What can managers say to strengthen relationships with all types of employees?

The fastest way to build trust is to show yourself a little vulnerability and be kind.

Often, this benevolence can take the form of a conversation. We give scripts to people. So you and I talk, and I say, “You know, I try to be more intentional in the relationships that I build, and I’ve been told that kindness is really important for that.” But building stronger relationships means I have someone else’s interests at heart, which makes sense to me, but sometimes I feel like I’m not landing. Have you ever experienced this?

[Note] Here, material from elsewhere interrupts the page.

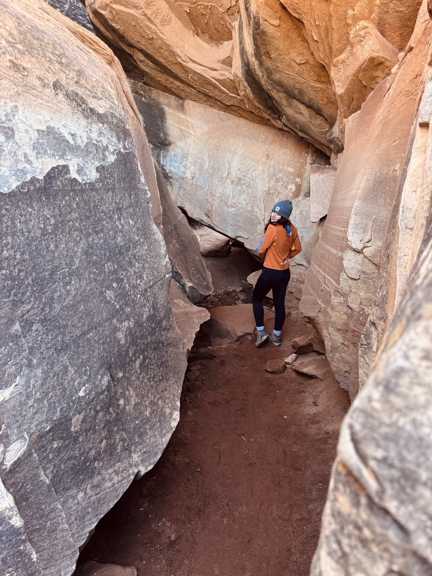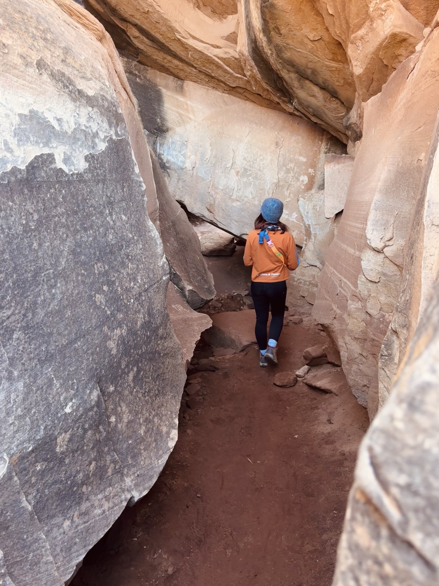 We turned around, returned through the little slot canyon cave area, and took one last look to soak it all in before backtracking to the car and high tailing it to our next stop: Canyonlands.

And so now I’m engaging you in this conversation, and you’re starting to think about it. And then I say, “Well, what would that look like? You know, have you ever had someone really outside your back? And what did they do and how does it feel? Now I have a clearer picture of the roadmap of what kindness looks like to you and what you’ve experienced.

Then I can narrow the funnel even further and say “What does success look like to you and how can I help you?” And now we’ve actually created a concrete set of possible actions that we can take where I can demonstrate that people.

So many leaders simply think that if they make a mistake, they’re lost. They have to micromanage your bullshit, and they’re paranoid. They don’t create an environment where they can say, “You know what? I want to support your growth and development. It means you’re going to make mistakes or I’m going to help you push the limits of your abilities and grow and develop as a writer, as a person. This means that I will put you in situations where you may not be comfortable and where things can go wrong, and you will be fine.